Obesity is a curse. While it is true that some people are genetically predisposed to catch it, as well as suffer mightily from it when they do, it is no different than any other disease. Such people certainly deserve compassion. But the fact remains that there are few ailments in the western world whose effects we would be better to mitigate. And when the consequences are such that the whole population suffers (particularly those “equity deserving groups”), public health officials, we are told, must act. If they’re not going to do so here, they need to explain why some externalities matter and others do not. Would they argue that it is inhumane to force medication on people? Or that those who resist would face undue stigma? Perhaps coercing people might turn them and others against the whole system?

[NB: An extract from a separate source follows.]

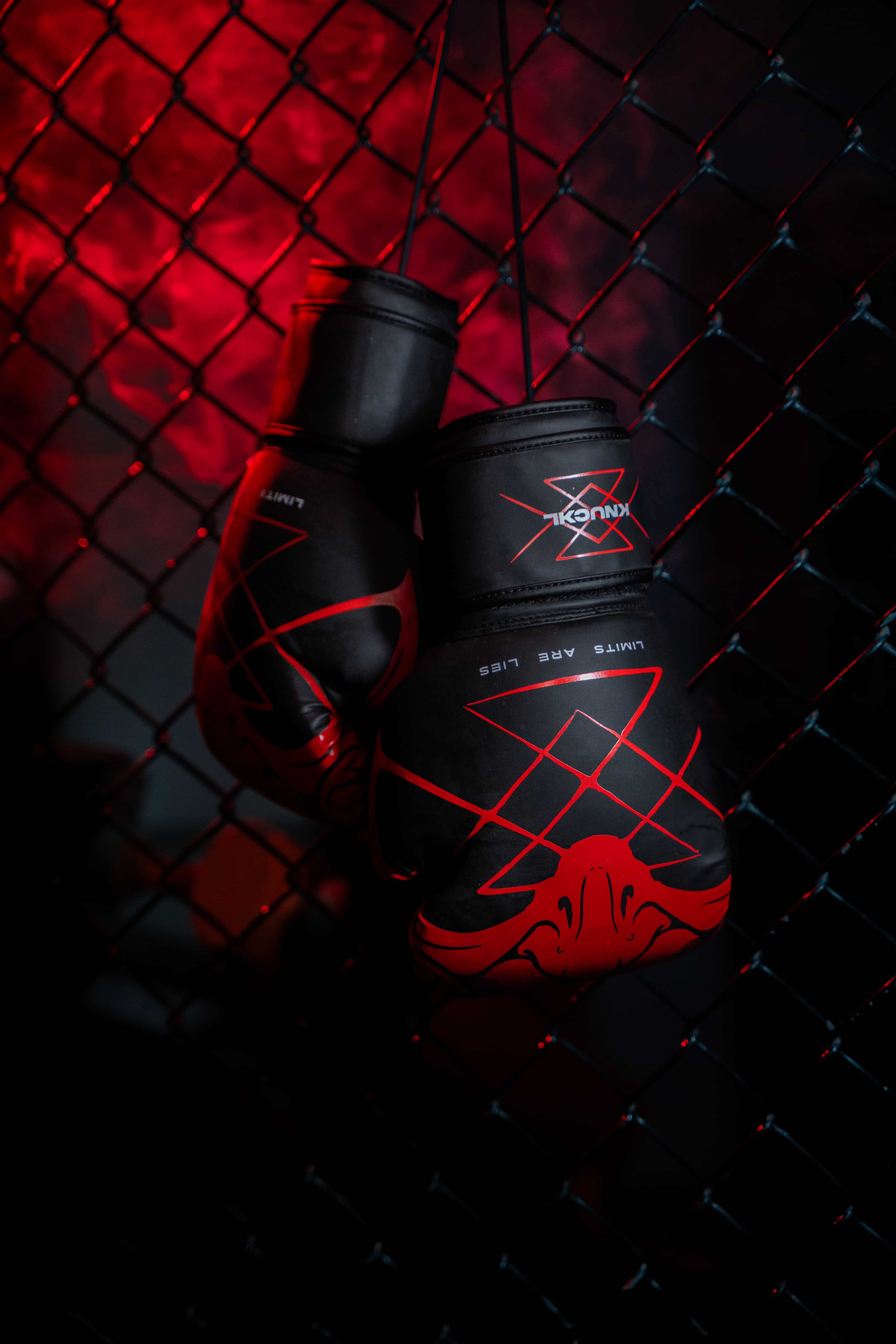 • Black leather boxing gloves with embossed Knuckl symbol hanging on chain-link fence under red light

Maybe even undermine trust in public health for a generation? I agree we wouldn’t want that.
Thanks for sharing... parallels are not always obvious, and attention needs to be drawn. Thanks for your service, and shining much light!
Obesity isn't a disease. Diseases can stem from being overweight - that I can fully agree with. There are many reasons people become overweight. For those that are, those reasons need to be uncovered and hopefully resolved. So many people want a quick fix to their problems, such as taking a drug to lose weight. But will they get in touch with how those extra pounds accumulated in the first place? I'm going to take a quick assumption and say no.